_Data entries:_
————————
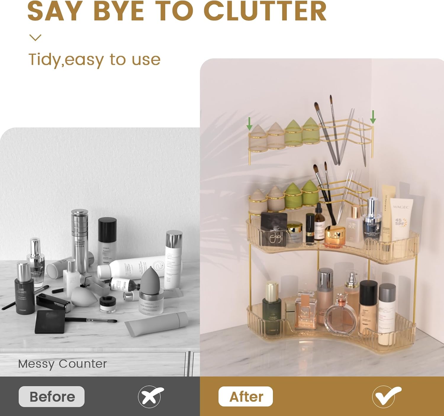 - ăCorner Makeup OrganizerăSay goodbye to your cluttered countertop, our countertop organizer fully utilizes corner space, adding 100% extra storage space and keeping a tidy and organized bathroom counter
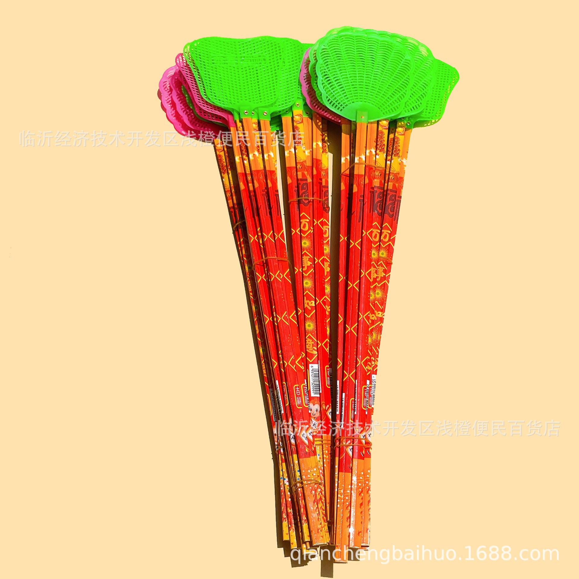 竹ハンドル付きの長いハエたたき、鳳凰の尾の貝殻のハエたたき、プラスチック製のヘッド、熟したゴム、耐久性のある蚊よけ、臨沂ハエたたき
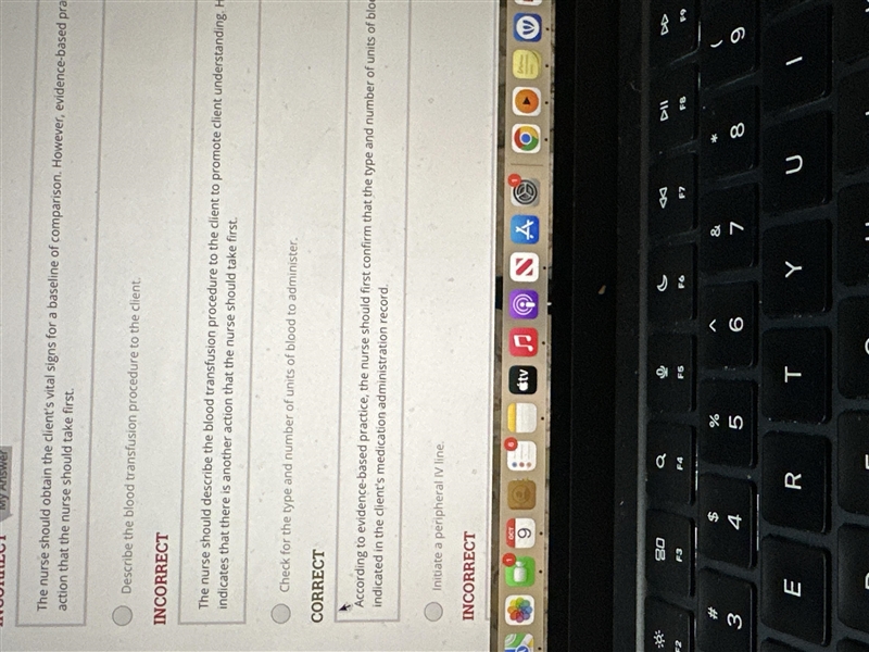 according to evidence base practices, the nurse should first confirm the type and number of units of blood to administer matches what The indicated in the clients medical administration record
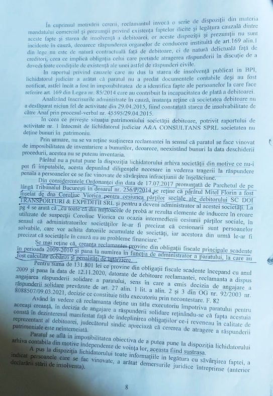 Dosarul penal 3594/P/2011 se află în cercetarea Parchetului de pe lângă Tribunalul București. În acest dosar sunt doar asociat. Nu cunosc conținutul dosarului „Avangarde” și nici al celui „Doi Transportatori” de la ANAF Caracal.
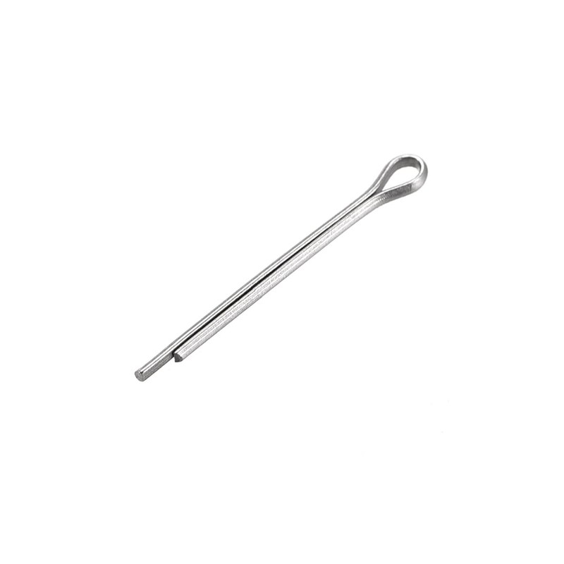 A cotter pin secures two items through a common hole. Insert the split pin into the hole, the bulbous head prevents the pin from moving completely through. Then bend the open tips to attach them. Depending on the application, different sizes and designs are available.
————————
Take the entries above and copy exactly the lines starting at the one with "竹ハンドル付きの長いハエたた" and ending at the one with "according to evidence"; nothing outside that span, and no pictures.

_Exercise solution:_
 竹ハンドル付きの長いハエたたき、鳳凰の尾の貝殻のハエたたき、プラスチック製のヘッド、熟したゴム、耐久性のある蚊よけ、臨沂ハエたたき
 according to evidence base practices, the nurse should first confirm the type and number of units of blood to administer matches what The indicated in the clients medical administration record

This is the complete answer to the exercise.